Problem description: Only these lines, please: the first one of the records through the one containing "小清新纹身图案月亮藏文纹身脊椎纹身_小清新纹身图案大全_纹身图吧", retyped exactly, both ends included and pictures omitted.

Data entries
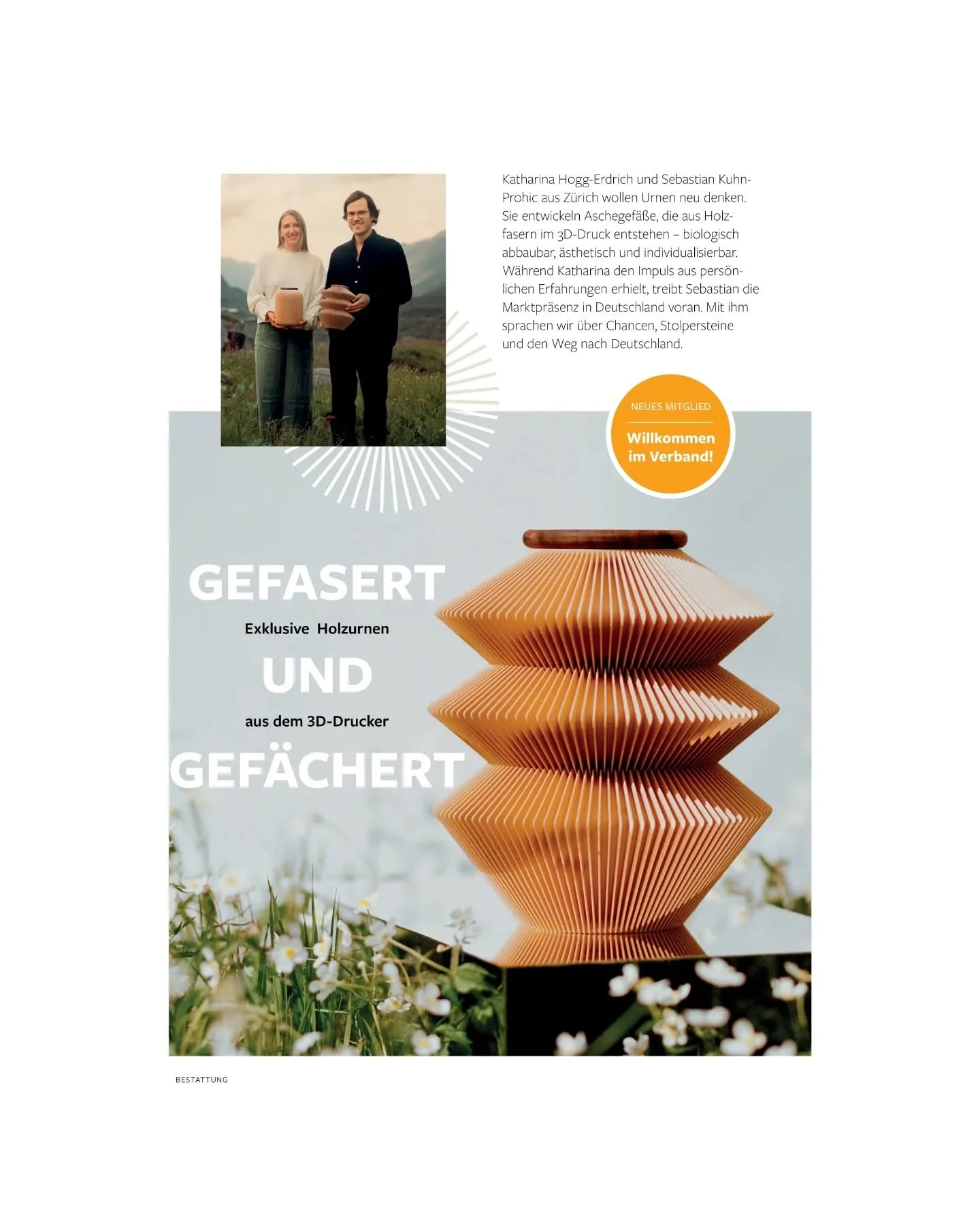 Während eines Gesprächs am Genfersee beschlossen Katharina und Sebastian, sich diesem Thema anzunehmen. Ihre Mission: stilvolle, nachhaltige und personalisierbare Urnen zu entwickeln, die den Abschied neu denken und zeitgemässe Lösungen für eine moderne Bestattungskultur bieten.
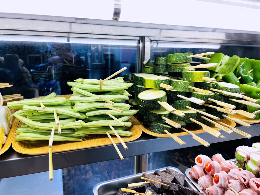 串物燒烤食材琳瑯滿目 雞 豬 牛 羊 海鮮 蔬菜 應有盡有~
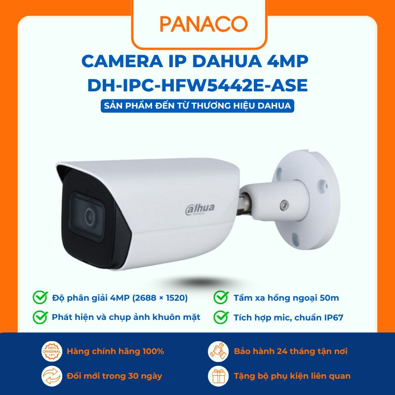 Panaco cung cấp Dahua DH-IPC-HFW5442E-ASE chính hãng 100%, đầy đủ CO–CQ, bảo hành 24 tháng, giá bán minh bạch và giao hàng nhanh toàn quốc. Chúng tôi cam kết tư vấn đúng nhu cầu – cấu hình chuẩn – hỗ trợ kỹ thuật tận tâm, đồng thời có chiết khấu tốt cho đại lý, kỹ thuật và dự án. Nếu anh em cần báo giá tốt nhất hoặc tư vấn triển khai hệ thống WizMind, liên hệ Hotline/zalo 0989 352 251 để biết thêm chi tiết!
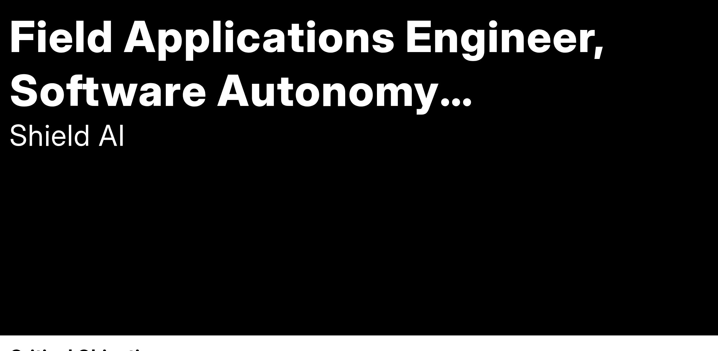 - Assist in post-sales deployment and integration of Shield AI enterprise software products.
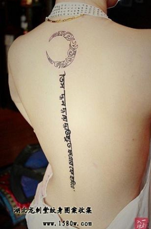小清新纹身图案月亮藏文纹身脊椎纹身_小清新纹身图案大全_纹身图吧
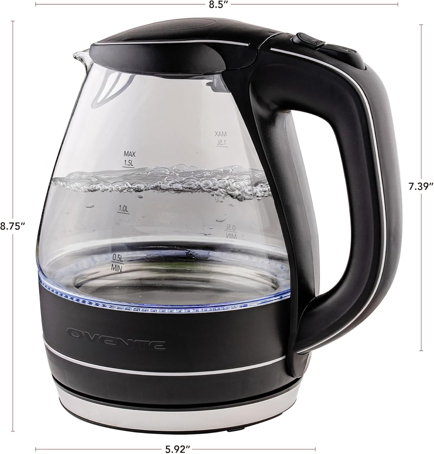 The OVENTE KG83 Series Electric Glass Kettles are our best sellers for a reason. Their sleek, modern design makes them the perfect addition to any countertop. Available in 7 vibrant colors – black, green, orange, pink, purple, red, and white – they’re as stylish as they are functional. A halo of blue LED lights beautifully illuminates the kettle while it’s in use, adding a touch of elegance to your kitchen. With a 1.5-liter capacity, 1100 watts of power, and high-quality borosilicate glass construction, this kettle quickly brings water to a rolling boil in just minutes. Whether you’re preparing hot coffee, tea, oatmeal, soup, or instant macaroni, this kettle gets the job done fast. Plus, it’s 50% more efficient than traditional stovetop kettles, helping reduce your electricity use and save you money. Designed with convenience and safety in mind, this kettle features a concealed stainless steel heating element that minimizes mineral deposits like nickel in your drinking water. It also has a one-touch flip-back lid with a wide opening for easy filling and cleaning. For added peace of mind, it’s equipped with an automatic shut-off feature that kicks in once the water reaches boiling and Boil-Dry Protection technology that prevents it from turning on when there’s no water inside. Other thoughtful features include a secure locking lid, a washable filter, and a comfortable, stay-cool handle and button. The 30-inch cord wraps neatly into the base for easy storage, keeping your kitchen tidy and organized. NOTE: Electric kettles may reach boiling faster at higher altitudes due to the fluctuation of boiling points. **CAUTION: KETTLE BODY MAY BE EXTREMELY HOT DURING OPERATION. PLEASE BE EXTRA CAREFUL AND USE THE COOL-TOUCH HANDLE TO AVOID BURNS.**
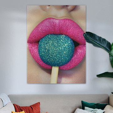 Rosa Lippen mit Lollipop
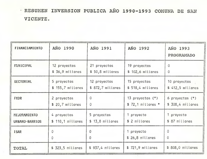 Resumen Inversión Pública Año 1990-1993 Comuna de San Vicente
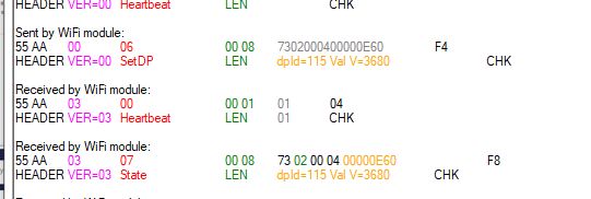 In accordance with the topic on TuyaMCU I have intercepted communication on the RX/TX lines:
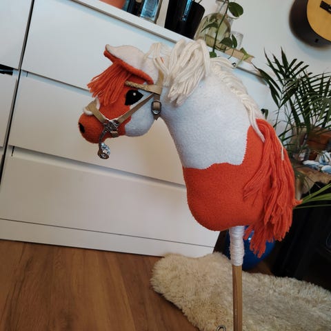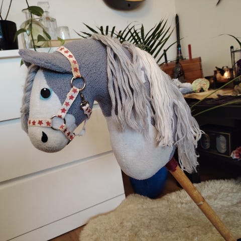 A4-kokoinen suuton keppihevonen, mukaan tulee harmaat suitset ja martingaali. Tekijä Instassa @riot.horses. Myydään ilman täytteitä, ponilla on tiedot.
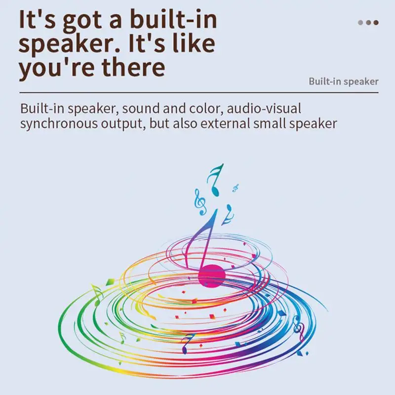 Встроенный динамик и большой размер проекции позволяют детям наслаждаться их счастливым мультяшным временем.
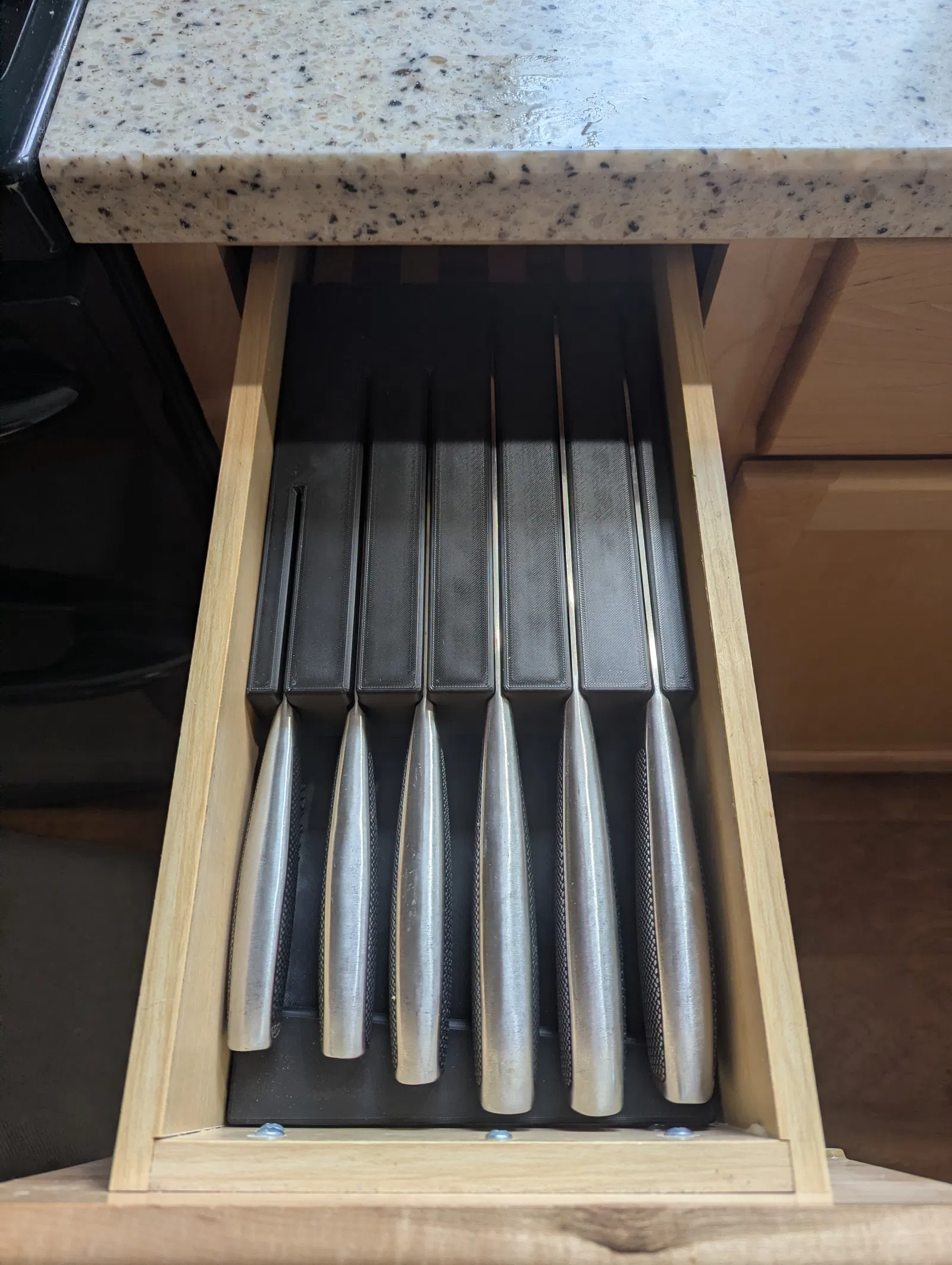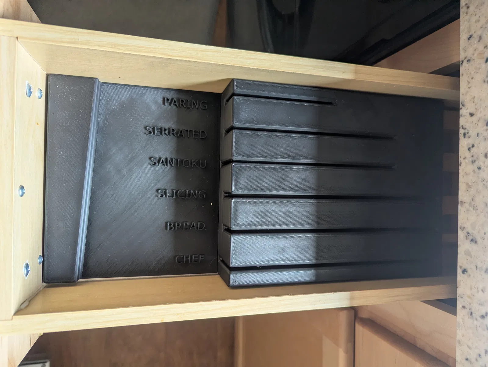 Khay được in 3D với kích thước vừa khít, phân chia từng ngăn cho các loại dao cụ thể như dao Chef 8 inch, dao thái lát, dao cắt bánh mì, dao Santoku, dao có răng cưa và dao gọt trái cây. Việc bố trí theo ngăn cố định giúp bạn lấy đúng loại dao cần dùng chỉ trong một nốt nhạc, tránh va chạm không đáng có giữa các lưỡi dao sắc bén. Đây là phụ kiện 3D cực kỳ thực tế cho bất kỳ căn bếp gia đình nào, giúp tối ưu hóa không gian lưu trữ một cách khoa học.
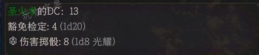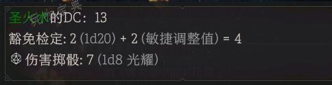 骰子是1-20的值,所以只要怪物掷出(roll点)大于12的值,就会免疫圣火术的伤害(非有效命中),大概8/20的概率(40%)。但实际过程中结算的值会在roll点基础上加上各种各样由怪物属性等因素的附加值,所以其实圣火术的实际造成伤害的概率会降低。
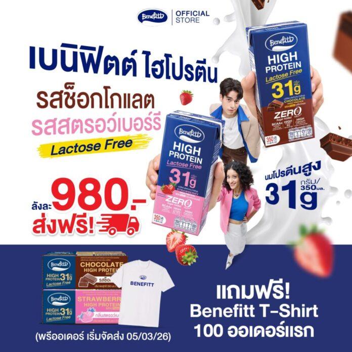 “เบนิฟิตต์ ไฮโปรตีน แลคโตสฟรี” นมยูเอชทีโปรตีนสูง 31 กรัม ประโยชน์เต็ม ๆ ปราศจากแลคโตส ไม่เติมน้ำตาลทราย เปิดพรีออเดอร์แล้ววันนี้ ในราคาพิเศษลังละ 980 บาท ส่งฟรี (จากปกติ 1,080 บาท) มีให้เลือก 2 รสชาติ ได้แก่ รสช็อกโกแลต และรสสตรอว์เบอร์รี เริ่มจัดส่งวันที่ 5 มีนาคม 69 พร้อมรับฟรี Benefitt T-Shirt แบบเอ็กซ์คลูซีฟเฉพาะ 100 ออเดอร์แรก
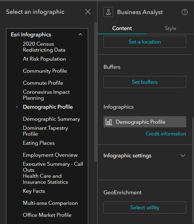 Step 11: Under Infographics, click Select an infographic. From the populated panel to the left select Demographic Profile.
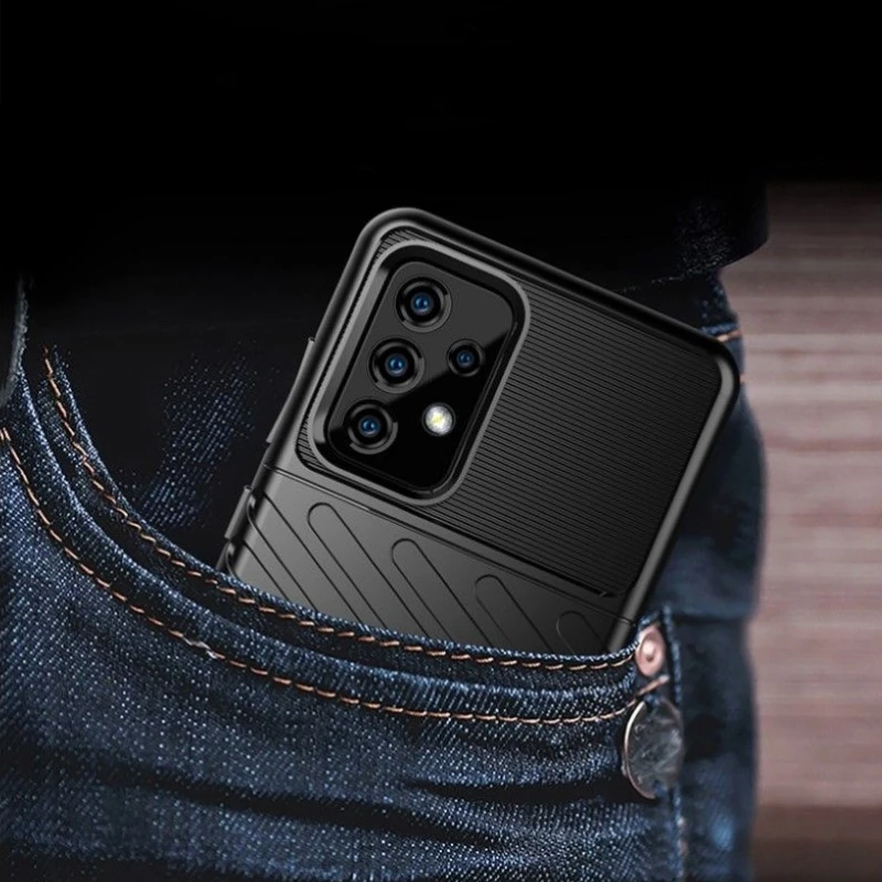 God beskyttende tpu cover til Samsung Galaxy A52 (4G/5G) A52S med overflade som ligner børstet metal og carbon. Siderne er ekstra tykke for at opnå maksimal all round beskyttelse mod stød og slag, rundt om kameraet og fingeraftrykslæseren er tpu rammen tykkere for at give bedre beskyttelse til li..

Output of the exercise:
 Während eines Gesprächs am Genfersee beschlossen Katharina und Sebastian, sich diesem Thema anzunehmen. Ihre Mission: stilvolle, nachhaltige und personalisierbare Urnen zu entwickeln, die den Abschied neu denken und zeitgemässe Lösungen für eine moderne Bestattungskultur bieten.
 串物燒烤食材琳瑯滿目 雞 豬 牛 羊 海鮮 蔬菜 應有盡有~
 Panaco cung cấp Dahua DH-IPC-HFW5442E-ASE chính hãng 100%, đầy đủ CO–CQ, bảo hành 24 tháng, giá bán minh bạch và giao hàng nhanh toàn quốc. Chúng tôi cam kết tư vấn đúng nhu cầu – cấu hình chuẩn – hỗ trợ kỹ thuật tận tâm, đồng thời có chiết khấu tốt cho đại lý, kỹ thuật và dự án. Nếu anh em cần báo giá tốt nhất hoặc tư vấn triển khai hệ thống WizMind, liên hệ Hotline/zalo 0989 352 251 để biết thêm chi tiết!
 - Assist in post-sales deployment and integration of Shield AI enterprise software products.
小清新纹身图案月亮藏文纹身脊椎纹身_小清新纹身图案大全_纹身图吧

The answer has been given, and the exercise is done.